Зинаида Геннадиевна пробегает сквозь кухню, присвистывая, и забегает в туалет. Потом выбегает и громогласно заявляет Вере, которая как раз моет посуду: «Смотри, как я быстро хожу в туалет! Не то, что некоторые по два часа сидят, у меня все быстро! Это коммунальная квартира, а не отдельная». Вера сводит все на шутку: «Это только вы так можете». Зинаида Геннадиевна, присвистывая, убегает довольная.


17 марта. Вепрева пишет:

Данные прослушки из ванной показали, что в коммуналке мы проходим под кодовым именем «ботаны».

Осминкин дописывает:

Настя Вепрева собрала все лайки, а ведь это я, Роман Сергеевич Осминкин, был в это злополучное утро в ванной и собственноушно слышал, как те самые «другие», те непонятные «обычные люди», «иные» называют нас ничтоже сумняшеся «ботанами». До этого мы – левые маргинальные художники/поэты – оставляли себе право на репрезентацию других в своих искусствах и поэзиях, отдавая взамен все остальное – деньги, постоянную работу, размеренную жизнь, телевизор на диване по вечерам и ужин в одно и то же время. Но тут случилось самое страшное – «они» тоже имеют право на объективацию нас! И, может быть, даже включили нас в свои будущие пьесы. То, что Сартр говорил про «другого», во взгляде которого всегда ад и бездна, вот эти ад и бездна, оказалось правдой. Ад и бездна раскрылись передо мной в то утро в ванной комнате коммуналки. Мир теперь никогда не будет прежним. Мы объективированы, профанированы коммунальными соседями. Наше исключительное право раздавать имена и экзотизировать казалось бы нерефлексирующие социальные группы пассивных недосубъектов раз и навсегда низвергнуто. Мы просто-напросто «ботаны», нелепые персонажи, говорящие на птичьем языке и щебечущие непроизносимые еврейские и французские фамилии. Ботаны, у которых в комнате нету кровати, но зато есть найденный на помойке забитый книгами шкаф.

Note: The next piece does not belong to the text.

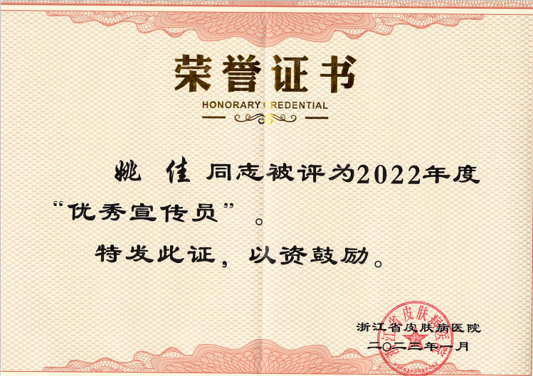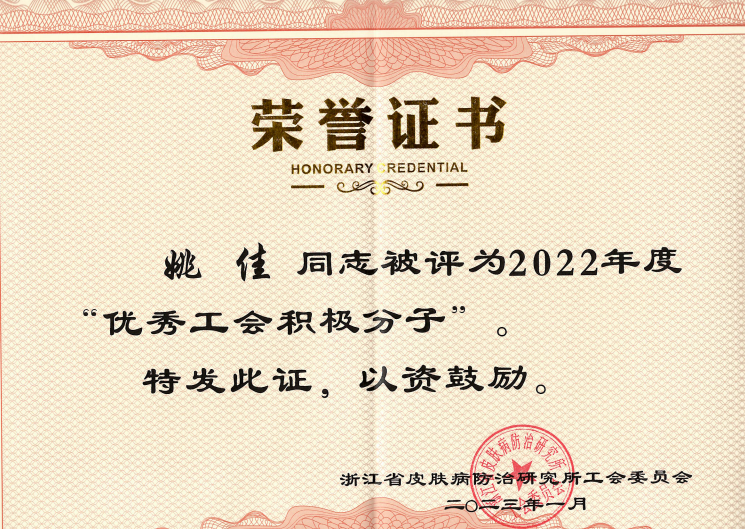 岗员姚佳被评为“2022年度优秀宣传员”及“优秀工会积极分子”..

19 марта. Осминкин пишет (частично со слов А. Вепревой):

«И запах Родины нам сладок и приятен…» Воистину стоило вернуться мне из короткой творческой командировки в город Вену, чтобы особенно явственно ощутить, как с порога коммуналки в нос шибануло жареными шашлыками (шашлыки в квартире!). На кухне восседала почти вся мужская половина квартиры: Вадим и Никита топлес, Валера в рубашке в стиле челночных девяностых. Окно нараспашку, на подоконнике стоит электрический мангал, на котором открыто жарится мясо, нанизанное на шампуры. Ветер заносит его запах в кухню и далее загоняет по прикомнатным щелям. Запах шашлыков везде. Голые мужские тела, открытый подоконник, пиво и незлобивый матерок. Весна в нашей коммуналке уже наступила, и не важно, что на улице минус пять градусов и ледяной ветер.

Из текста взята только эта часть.